How hurricanes and climate change might be related
Research has long been concerned with the question: Can extreme weather events be linked to climate change? Attribution research now shows that climate change is causing more droughts. This also means more floods and forest fires are likely.
Hurricanes are apparently no exception. Scientists have found that increased temperatures lead to stronger and less predictable storms. This is worrying because tropical cyclones are already among the deadliest and most destructive extreme weather events in the world. In the United States alone, three hurricanes in 2022 caused damage totaling over $1 billion each. In a warming world, these damage amounts are expected to increase.
However, the connection between climate change and hurricanes is more complicated than many people realize. In the following FAQ, we have summarized what is known to science so far – and what to expect from the upcoming storms as Hurricane Idalia hits the Florida coast.
Are hurricanes really more common?
It may feel like there are many more storms today than in the past, but we don’t know for sure yet.

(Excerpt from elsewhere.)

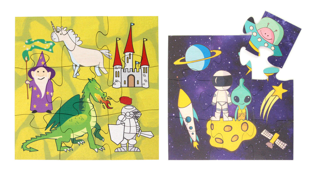 This hardwood plywood puzzle measures 7" long, 7" wide, and 1/8" thick. Printed with durable and colorful non-toxic ink. Puzzle includes a cloth bag for storage.

This is partly because the historical record is limited and there is little reliable data older than a few decades, says Kerry Emanuel, professor emeritus of atmospheric sciences at MIT. This makes it difficult to draw conclusions about how the frequency of tropical cyclones (the generic term for storms called hurricanes, cyclones or typhoons) changes over time.
The best existing data comes from the North Atlantic region, says Emanuel. According to this, there actually seem to be more hurricanes than before. Globally, however, some studies suggest that the total number of tropical cyclones has actually declined in recent decades.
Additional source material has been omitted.